Liberation in 1945 — and immediate division
Japan surrendered to the Allied forces on 15 August 1945, ending 35 years of Japanese colonial rule over Korea. Liberation was real, but it did not bring a unified independent state.
Instead, Korea was immediately divided into occupation zones. Soviet forces and Korean Communists were in the northern part of the peninsula, while American forces arrived in the south on 8 September 1945. A proposal to divide Korea at the 38th parallel was accepted in an emergency meeting over postwar spheres of influence.
That is why the end of colonial rule came with a bitter contradiction: freedom without unity. Korea was liberated from Japan, but almost instantly split between two occupying powers.

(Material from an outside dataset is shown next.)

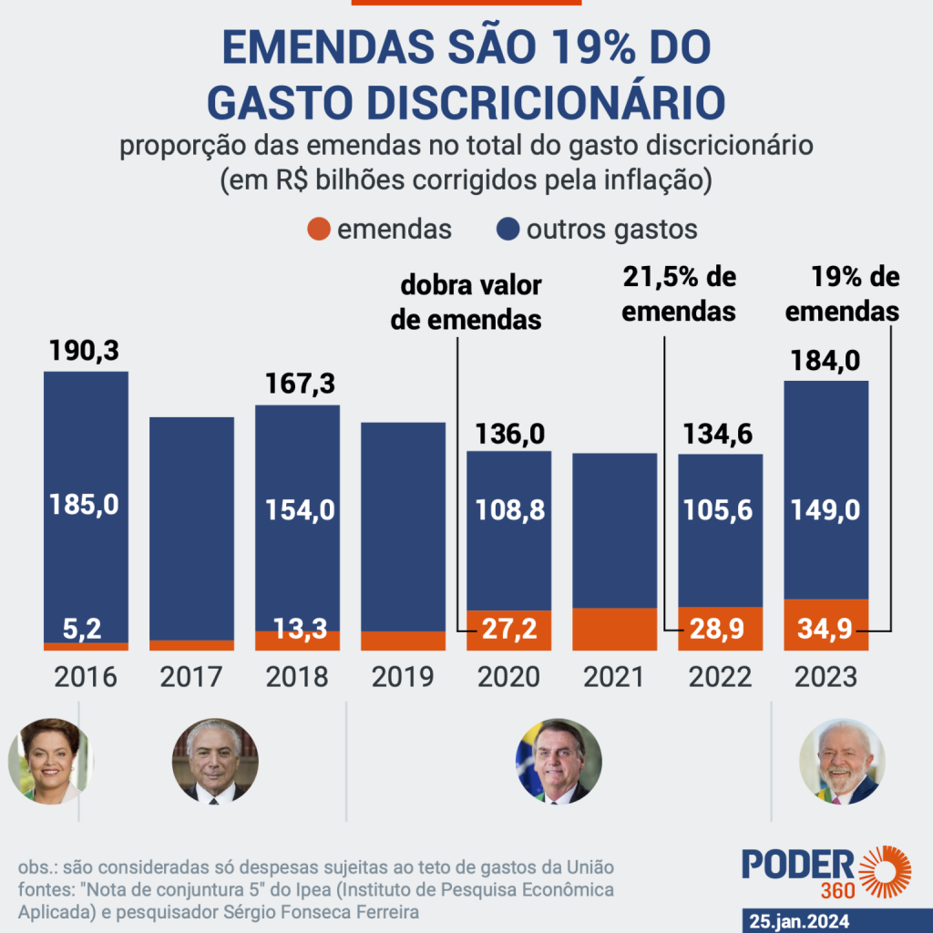 Embora as emendas tenham aumentado, a parcela que ocupam desse dinheiro diminuiu. Em 2022, os congressistas tiveram 21,5% do gasto discricionário. Em 2023, foram 19%.

This division shaped everything that followed. The colonial period ended, but its consequences did not. Families were separated, political systems diverged, and the scars of forced labor, sexual slavery, cultural erasure, and wartime death remained deeply embedded in Korean history.
Why this history still matters
The legacy of Japanese colonization remains intensely controversial and emotionally charged. Historical disputes still affect relations between South Korea and Japan. Within South Korea, the role of collaborators continues to be debated. The treatment of forced laborers and comfort women remains especially sensitive.
What makes this history so enduring is not only the scale of suffering, but the way it reached into every part of life: work, language, identity, family, and the body itself. Koreans were mobilized for war, forced into labor systems, drawn into military structures, stripped of autonomy, and in many cases denied the chance to return home.
The war ended in 1945. For millions, the damage did not.